Image-wise, why should a princess best known for her questionable taste in hats and two private citizen dukes be even allowed to remain on the list of possible regal stand-ins? It’s preposterous that it is even theoretically possible that one day Beatrice could be in a position where she can sign official documents on behalf of her uncle or formally accept the credentials of new ambassadors and only highlights the often inherent ridiculousness of a hereditary monarchy.

Queen Elizabeth II passed away early last month. Photo / Getty Images
Queen Elizabeth II passed away early last month. Photo / Getty Images

And practically, given that the King and Queen, and William and his wife the Princess of Wales, will reportedly be spending chunks of next year trotting around the globe and charming babies, pensioners and the sorts of people who have the time to make signs out of glitter, that means that Andrew, Harry and Beatrice would technically be left holding the regal can.

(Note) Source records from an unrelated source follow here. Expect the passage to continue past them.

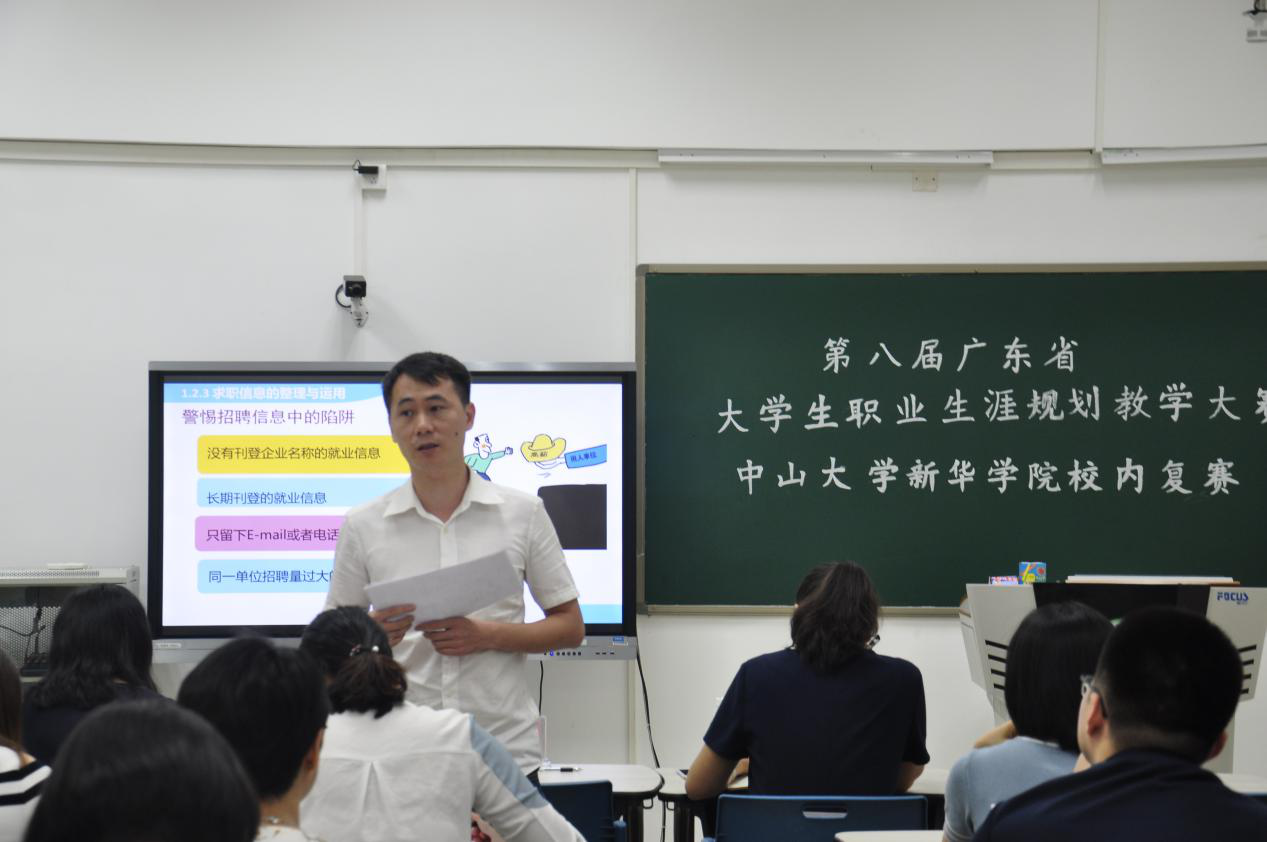 根据《广东省教育厅古天乐代言太阳集团网址举办第八届广东省大学生职业生涯规划教学大赛的通知(粤教毕函[2018]10号)》文件精神,为进一步加强古天乐代言太阳集团网址就业与创业指导课程和教学师资队伍建设,切实提高古天乐代言太阳集团网址大学生职业生涯规划课程教学水平与效果,推选古天乐代言太阳集团网址优秀教师参加广东省教学大赛,古天乐代言太阳集团网址就业与创业教研室于5月23日上午9时举办第八届大学生职业生涯规划教学大赛校内复赛。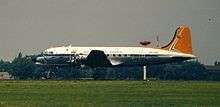 On 10 November 1945, the airline introduced its first inter-continental service, the 3-day Springbok Service, operated by the Avro York, which was routed Palmietfontein–Nairobi–Khartoum–Cairo–Castel Benito–Hurn Bournemouth.[7] A weekly service was initially flown, but this later increased to 6 times weekly due to high passenger demand. The Douglas DC-4 Skymaster debuted with SAA in May 1946 between Johannesburg and Cape Town, which coincided with the introduction of the Douglas DC-3 Dakota on the Johannesburg–Durban route.[7]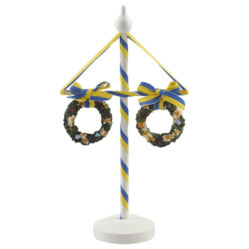 Majstang Træ 25 cm omfatter en hvid majstang i miniature af træ med rund fod, dekoreret med tekstilbånd i blåt og gult og to hængende blomsterkranse.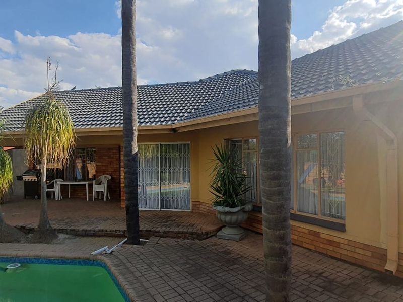Family-focused living in established Roosheuwel, Klerksdorp — open-plan areas with built-in bar and large yard for outdoor entertaining. Four bedrooms, two bathrooms, double garage and carport.

Queen Elizabeth, it would now seem, had clocked that this particular situation was a PR disaster waiting to happen with two reports claiming that the palace is getting set to take action to sideline Andrew and Harry. (And you too, Beatrice, probably.)

According to both the Times and the Daily Mail, paperwork is set to land in British parliament in a matter of weeks which will amend the Letters Patent and expand the possible candidates, likely adding Princess Anne and Prince Edward to the number, thus ensuring Andrew and Harry will never be tapped as counsellors.

Moreover, respected royal biographer Robert Hardman wrote in the Mail: “These proposals were already being considered some months ago, with the approval of the late Queen.”

All of which is to say, in the final months of the Queen’s life, without the world being any the wiser, she was greenlighting plans for her grandson to lose his final official role. (Andrew is still a Vice-Admiral which is a deplorable state of affairs. Get on that please, Your Majesty.)

Sure, the chances of Harry ever, ever being asked to step in for his dad are about as slim as an Olsen twin on a juice cleanse but it’s the symbolism of the thing. (The Duke only ever really got one go at the counsellor gig, being among the counsellors appointed by the Queen before she made her final overseas trip to a Commonwealth summit in Malta in 2015).

There is something a tad toothless about the palace deciding, if this week’s reporting is correct, that the way to sort out this counsellor mess is to make the pool of possible counsellors bigger rather than specifically excluding the demoted dukes or deciding that only working members of the royal family could be appointed. Really, it’s a bit of a wimpy workaround. But it does come with the serious added benefit of going some way to protecting the two dukes.

The first sign that something was cooking behind the scenes came on Monday when peer Viscount Stansgate stood up in the House of Lords and raised the question of amending the Regency Act.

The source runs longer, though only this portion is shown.